The Bank of Japan looks unlikely to hike rates anytime soon. From Bloomberg:
The Bank of Japan slashed its inflation forecast close to zero and kept the benchmark interest rate unchanged, saying prices will take another year to accelerate.
Core consumer prices will rise 0.1 percent in the 12 months ending March 2008 and 0.5 percent the following year, the central bank said in Tokyo today in its semi-annual outlook. Policy makers had previously predicted a 0.5 percent inflation rate this year...
Core consumer prices, which exclude fresh food, declined 0.3 percent in March from a year earlier, the government statistics bureau said today, the second straight monthly drop.

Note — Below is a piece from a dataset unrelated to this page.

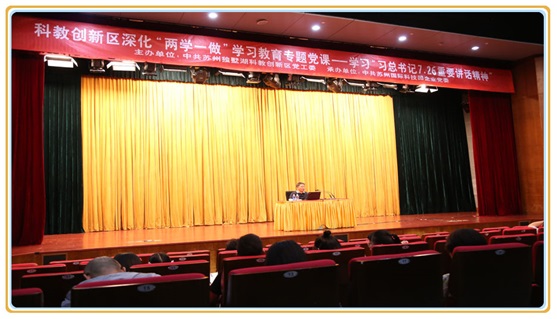黨課主講老師是蘇州市委黨校經濟教研室主任--王濤教授。王濤教授以馬克思的一段話作為本次學習的開端,以三代領導核心:毛澤東,鄧小平,習近平的重要思想深入了本次學習的主題。講座從多方面、多角度闡釋習近平總書記7·26重要講話精神,并探討了習近平總書記7.26重要講話的實踐基礎和未來展望。

Other government reports today showed factory output unexpectedly slumped 0.6 percent, retail sales declined for a sixth month, this time by 0.7 percent, and household spending rose a less-than-expected 0.1 percent. The unemployment rate held at a nine-year low of 4 percent.
Japan's manufacturing received a more mixed report from the purchasing managers index, reports Reuters.
The NTC Research/Nomura/JMMA Purchasing Managers Index, which gives an early snapshot of the health of manufacturing, declined to a seasonally adjusted 52.3 in April from 52.5 in March...
The PMI's new orders index, a barometer of future demand that combines goods orders from both home and abroad, stood at 50.8, the lowest level since January 2005...
However, the output index, which approximates industrial production, rose to 54.2 from 53.5 in March, marking the strongest growth since November.
But weakness in manufacturing has not been confined to Japan. Elsewhere in Asia, March manufacturing production was also down in South Korea and in Singapore.